# Likely drunk drives across Richmond-San Rafael bridge on bike path...



## jetdog9 (Jul 12, 2007)

Stay vigilant out there... 

https://m.sfgate.com/news/bayarea/a...-Of-Dui-Child-Endangerment-After-15095276.php


----------



## Peter P. (Dec 30, 2006)

It sounds like this bike path doesn't have bollards at the entry/exit points to limit access to bikes and pedestrians. The bike paths in my state have them.


----------



## Finx (Oct 19, 2017)

Peter P. said:


> It sounds like this bike path doesn't have bollards at the entry/exit points to limit access to bikes and pedestrians.

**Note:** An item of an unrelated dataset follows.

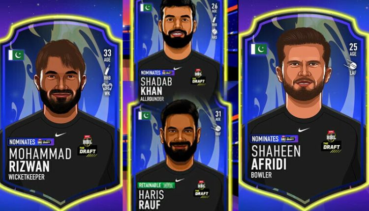 پاکستان کے محمد رضوان، شاہین شاہ آفریدی ، شاداب خان اور حارث روف نے آسٹریلیا کی بگ بیش لیگ کے ڈرافٹ کے لیے رجسٹریشن کرالی۔کھیلوں کی ویب سائٹ ’کرک انفو‘ کے مطابق بگ بیش لیے کے ڈرافٹ 19 جون کو ہوگا جس میں تقریبا 600 کھلاڑی نے رجسٹریشن کرائی ہے، ڈرافٹ میں برسبین ہیٹ کو پہلا کھلاڑی منتخب کرنے کا موقع ملے گا۔پاکستان کے مینز کرکٹرز کے ساتھ ویمن کپتان فاطمہ ثنا نے بھی رجسٹریشن کرائی ہے، ڈرافٹ کے لیے مکمل فہرست اور کھلاڑیوں کی دستیابی کی تفصیلات جلد جاری کردی جائیں گی۔انگلینڈ کے سیم کرن اور ایلکس ہیلز، نیوزی لینڈ کے لوکی فرگوسن اور ٹم ساؤتھی، سری لنکا کی کشال پریرا اور ویسٹ انڈیز کے شمار جوزف 10 کھلاڑیوں کی پہلی ڈرافٹ لسٹ میں شامل ہیں۔

The bike paths in my state have them.


Bollards are being removed from the bike paths in my area.

A few years ago someone was paralyzed from the neck down after hitting a poorly marked one on a rainy ride. He and his family sued because the bollard was basically a thin metal pole that was poorly marked.

I don't know if they are being removed as a direct result of the lawsuit, but they are definitely coming out across the state.

https://www.bicycling.com/news/a20033788/paralyzed-cyclist-sues-unmarked-bollard/


----------



## Finx (Oct 19, 2017)

My own experience with cars on a MUT.

This guy was about 2 miles into one of the busiest MUT's on the planet before he decided he should turn around. Didn't work out so well for him.


----------